#### [Source data]
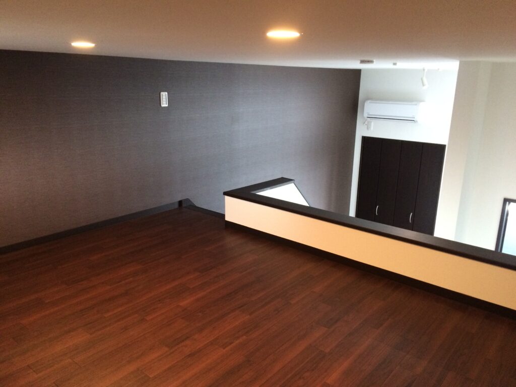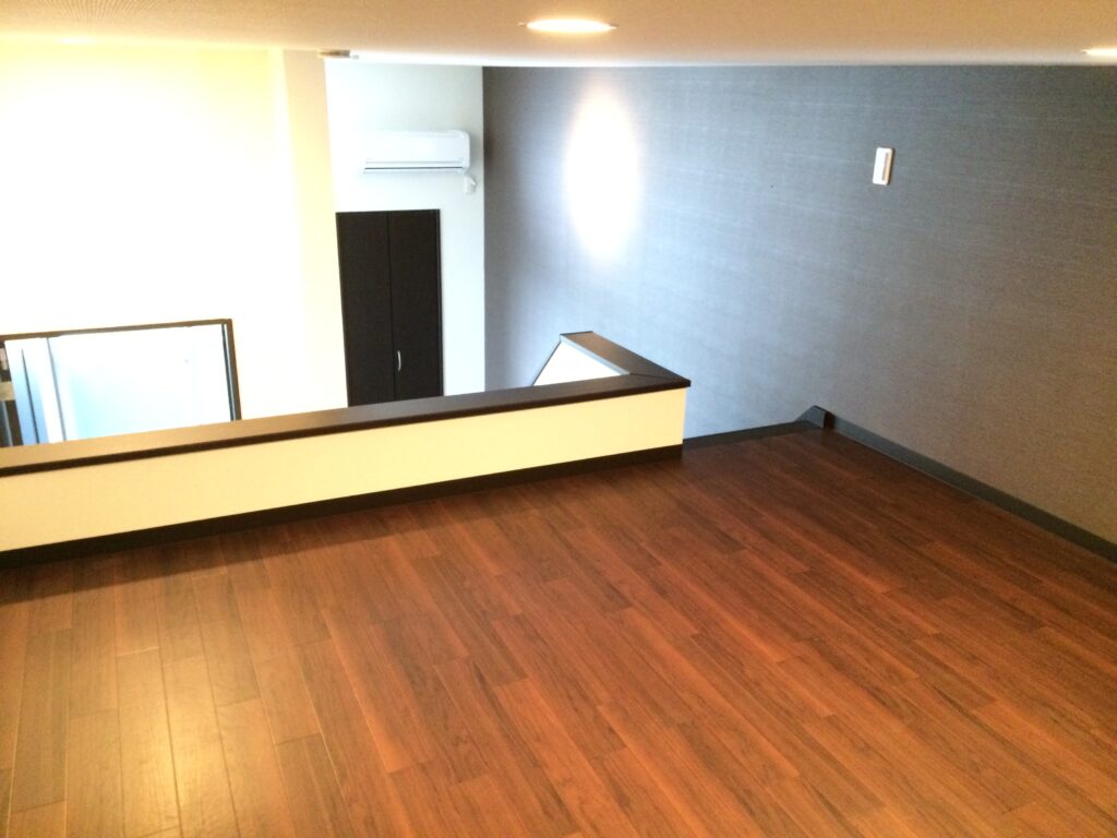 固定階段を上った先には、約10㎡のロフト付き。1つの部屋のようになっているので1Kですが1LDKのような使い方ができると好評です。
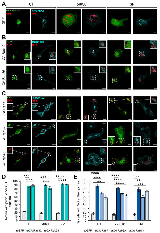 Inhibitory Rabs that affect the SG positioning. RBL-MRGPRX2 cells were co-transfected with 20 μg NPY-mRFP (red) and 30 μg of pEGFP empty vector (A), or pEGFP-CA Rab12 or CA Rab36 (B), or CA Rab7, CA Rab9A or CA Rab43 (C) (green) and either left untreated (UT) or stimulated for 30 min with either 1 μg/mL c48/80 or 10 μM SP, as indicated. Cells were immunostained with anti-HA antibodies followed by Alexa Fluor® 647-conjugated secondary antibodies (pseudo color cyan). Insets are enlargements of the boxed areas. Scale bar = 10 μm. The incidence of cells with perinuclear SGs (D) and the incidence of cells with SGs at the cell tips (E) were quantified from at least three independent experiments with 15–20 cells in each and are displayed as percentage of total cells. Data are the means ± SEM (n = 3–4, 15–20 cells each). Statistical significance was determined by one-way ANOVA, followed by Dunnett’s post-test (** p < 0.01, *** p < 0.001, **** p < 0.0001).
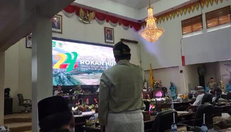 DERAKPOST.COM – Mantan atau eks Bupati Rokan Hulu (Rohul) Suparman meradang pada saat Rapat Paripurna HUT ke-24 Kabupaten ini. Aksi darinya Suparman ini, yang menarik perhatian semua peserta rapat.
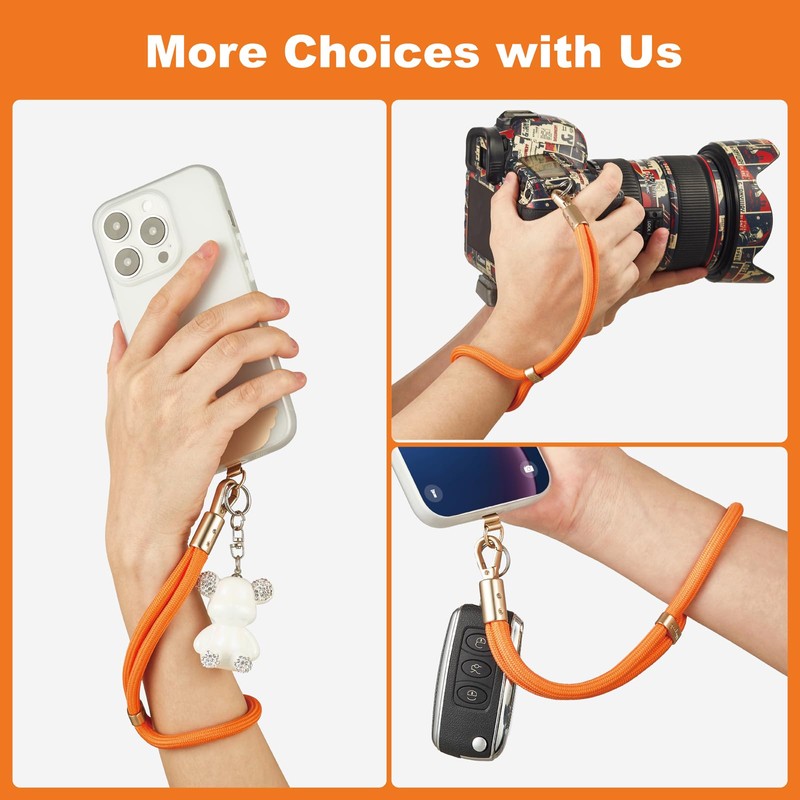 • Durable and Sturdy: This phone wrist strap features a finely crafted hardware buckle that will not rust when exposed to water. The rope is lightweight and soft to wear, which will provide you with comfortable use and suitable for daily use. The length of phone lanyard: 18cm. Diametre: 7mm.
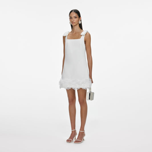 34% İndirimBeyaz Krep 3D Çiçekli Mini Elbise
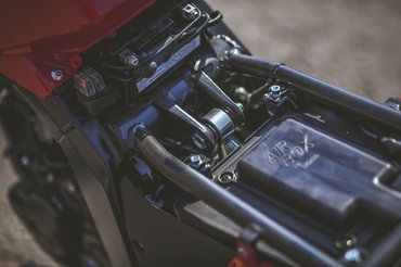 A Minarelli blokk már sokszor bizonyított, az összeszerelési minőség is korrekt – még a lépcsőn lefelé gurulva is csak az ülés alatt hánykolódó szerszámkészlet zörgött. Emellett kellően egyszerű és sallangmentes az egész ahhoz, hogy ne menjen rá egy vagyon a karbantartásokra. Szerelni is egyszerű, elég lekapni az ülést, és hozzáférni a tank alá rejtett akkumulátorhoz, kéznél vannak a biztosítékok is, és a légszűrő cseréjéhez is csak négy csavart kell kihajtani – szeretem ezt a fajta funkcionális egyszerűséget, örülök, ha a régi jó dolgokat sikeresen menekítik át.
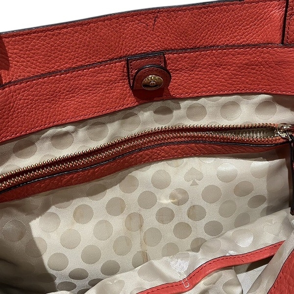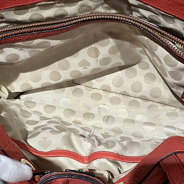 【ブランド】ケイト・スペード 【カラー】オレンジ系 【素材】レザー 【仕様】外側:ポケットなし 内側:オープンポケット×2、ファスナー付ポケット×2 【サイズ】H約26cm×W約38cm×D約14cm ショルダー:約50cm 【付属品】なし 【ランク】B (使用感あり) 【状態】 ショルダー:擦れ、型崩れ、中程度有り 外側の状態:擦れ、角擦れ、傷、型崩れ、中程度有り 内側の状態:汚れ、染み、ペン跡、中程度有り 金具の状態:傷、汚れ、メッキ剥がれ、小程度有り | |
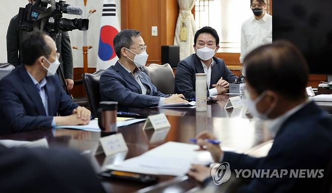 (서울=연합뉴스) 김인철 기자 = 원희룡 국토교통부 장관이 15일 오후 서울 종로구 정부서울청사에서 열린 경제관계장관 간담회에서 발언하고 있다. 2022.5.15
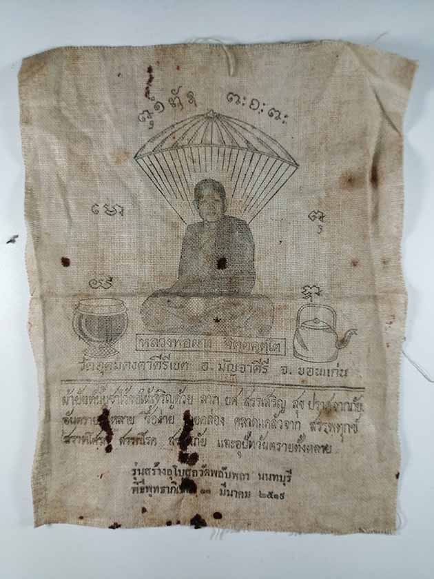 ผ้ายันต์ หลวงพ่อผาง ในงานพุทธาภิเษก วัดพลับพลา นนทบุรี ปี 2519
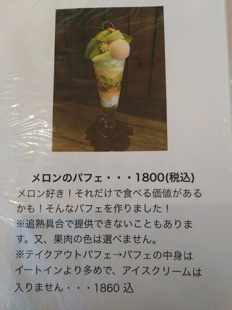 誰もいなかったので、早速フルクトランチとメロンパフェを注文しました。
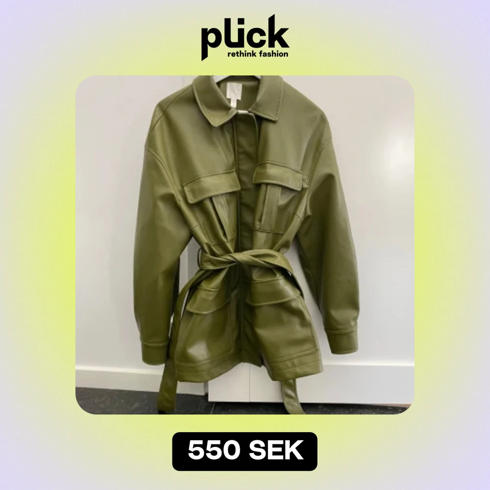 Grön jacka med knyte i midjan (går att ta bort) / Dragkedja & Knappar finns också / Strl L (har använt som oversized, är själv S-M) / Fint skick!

---

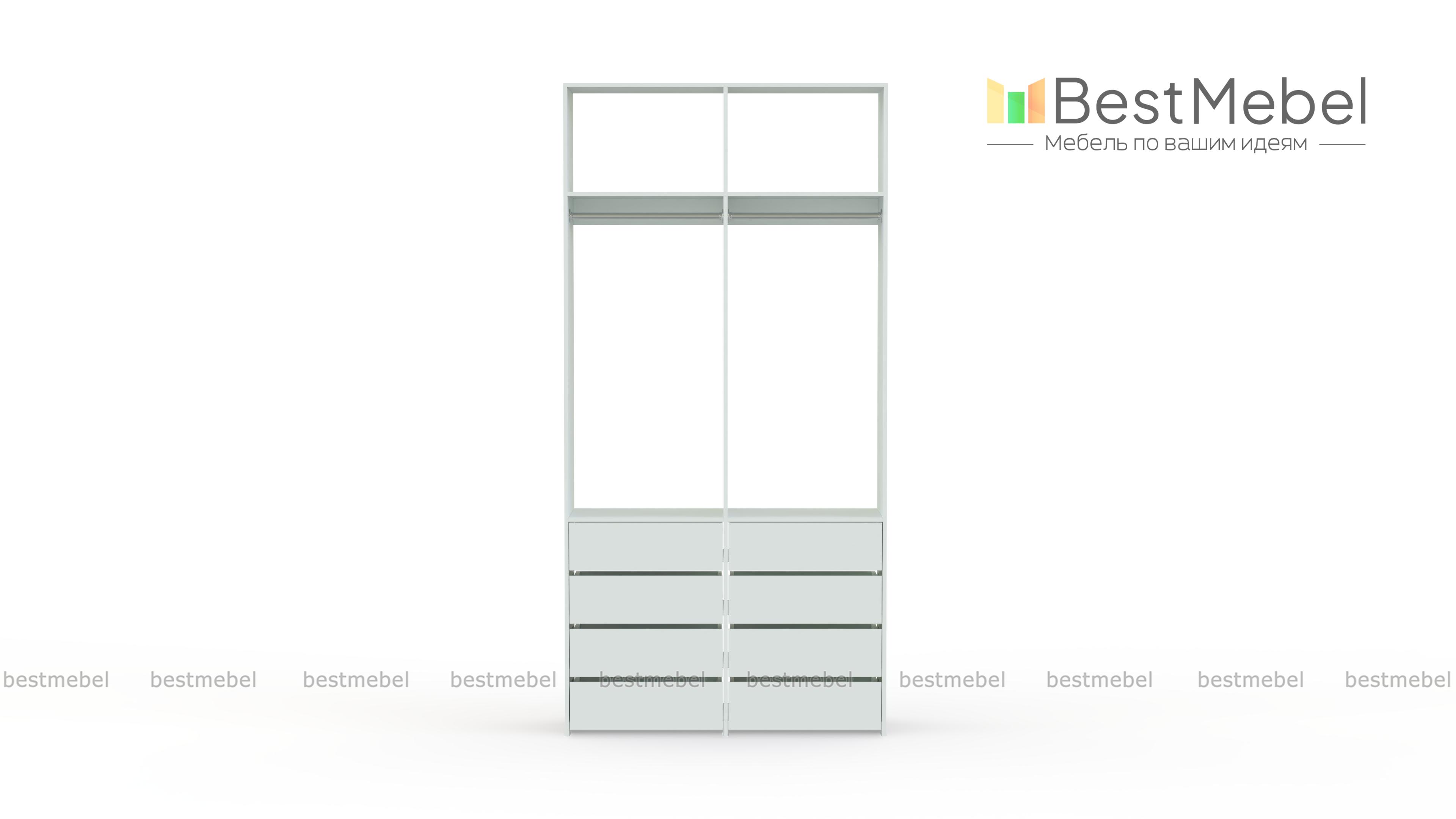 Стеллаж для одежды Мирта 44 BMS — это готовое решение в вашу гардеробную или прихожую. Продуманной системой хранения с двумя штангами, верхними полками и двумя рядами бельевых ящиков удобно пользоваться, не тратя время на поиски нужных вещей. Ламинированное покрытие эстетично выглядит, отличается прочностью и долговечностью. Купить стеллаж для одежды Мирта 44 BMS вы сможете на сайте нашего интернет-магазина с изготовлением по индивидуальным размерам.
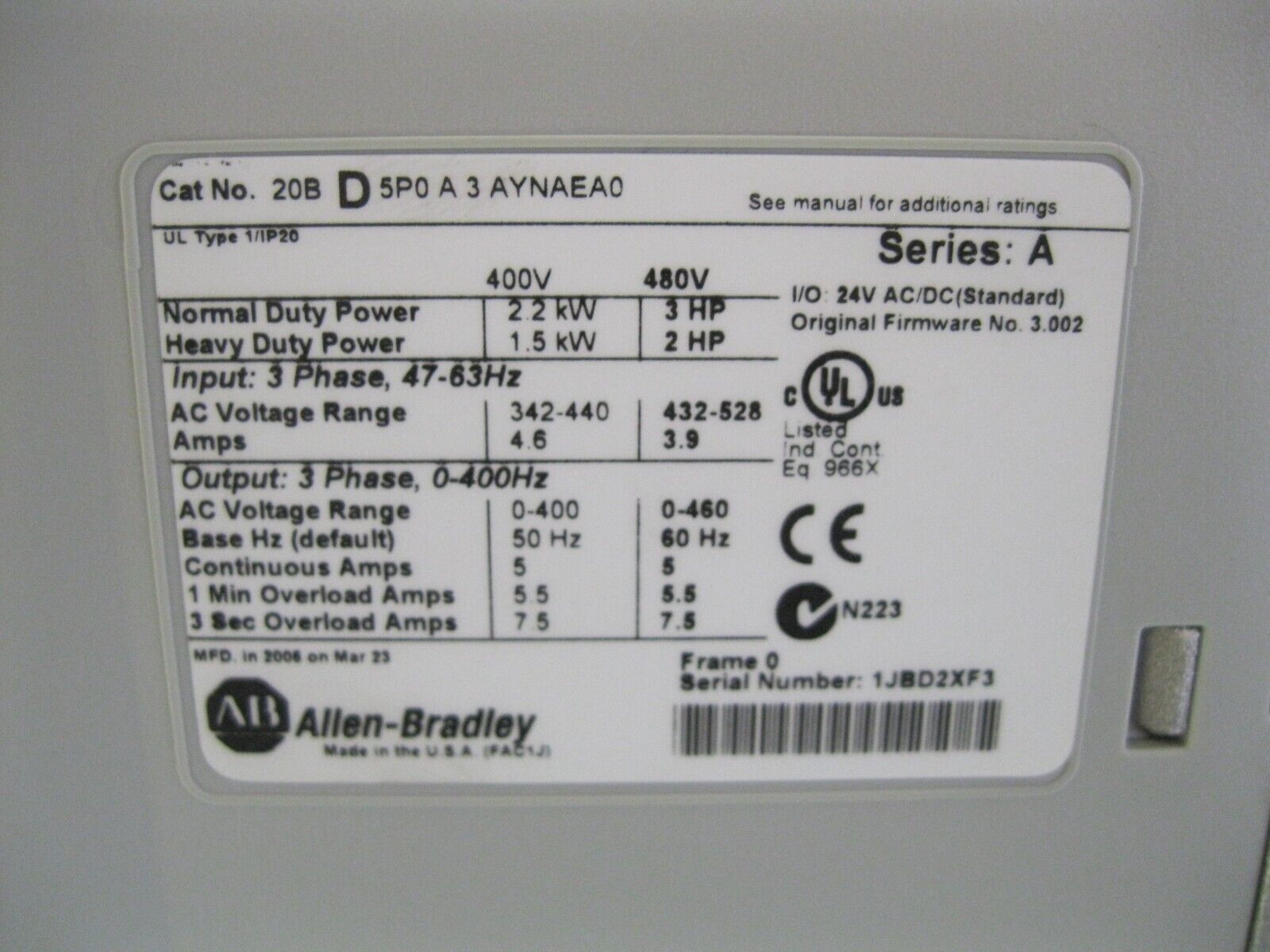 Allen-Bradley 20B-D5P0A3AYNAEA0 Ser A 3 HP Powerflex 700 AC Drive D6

#### [Task directions]
Print, word for word, the lines above that run from the line containing "18cm. Diametre: 7mm." to the line containing "Grön jacka med", both included. Keep the pictures out.

#### [Response]
 • Durable and Sturdy: This phone wrist strap features a finely crafted hardware buckle that will not rust when exposed to water. The rope is lightweight and soft to wear, which will provide you with comfortable use and suitable for daily use. The length of phone lanyard: 18cm. Diametre: 7mm.
 34% İndirimBeyaz Krep 3D Çiçekli Mini Elbise
 A Minarelli blokk már sokszor bizonyított, az összeszerelési minőség is korrekt – még a lépcsőn lefelé gurulva is csak az ülés alatt hánykolódó szerszámkészlet zörgött. Emellett kellően egyszerű és sallangmentes az egész ahhoz, hogy ne menjen rá egy vagyon a karbantartásokra. Szerelni is egyszerű, elég lekapni az ülést, és hozzáférni a tank alá rejtett akkumulátorhoz, kéznél vannak a biztosítékok is, és a légszűrő cseréjéhez is csak négy csavart kell kihajtani – szeretem ezt a fajta funkcionális egyszerűséget, örülök, ha a régi jó dolgokat sikeresen menekítik át.
 【ブランド】ケイト・スペード 【カラー】オレンジ系 【素材】レザー 【仕様】外側:ポケットなし 内側:オープンポケット×2、ファスナー付ポケット×2 【サイズ】H約26cm×W約38cm×D約14cm ショルダー:約50cm 【付属品】なし 【ランク】B (使用感あり) 【状態】 ショルダー:擦れ、型崩れ、中程度有り 外側の状態:擦れ、角擦れ、傷、型崩れ、中程度有り 内側の状態:汚れ、染み、ペン跡、中程度有り 金具の状態:傷、汚れ、メッキ剥がれ、小程度有り | |
 (서울=연합뉴스) 김인철 기자 = 원희룡 국토교통부 장관이 15일 오후 서울 종로구 정부서울청사에서 열린 경제관계장관 간담회에서 발언하고 있다. 2022.5.15
 ผ้ายันต์ หลวงพ่อผาง ในงานพุทธาภิเษก วัดพลับพลา นนทบุรี ปี 2519
 誰もいなかったので、早速フルクトランチとメロンパフェを注文しました。
 Grön jacka med knyte i midjan (går att ta bort) / Dragkedja & Knappar finns också / Strl L (har använt som oversized, är själv S-M) / Fint skick!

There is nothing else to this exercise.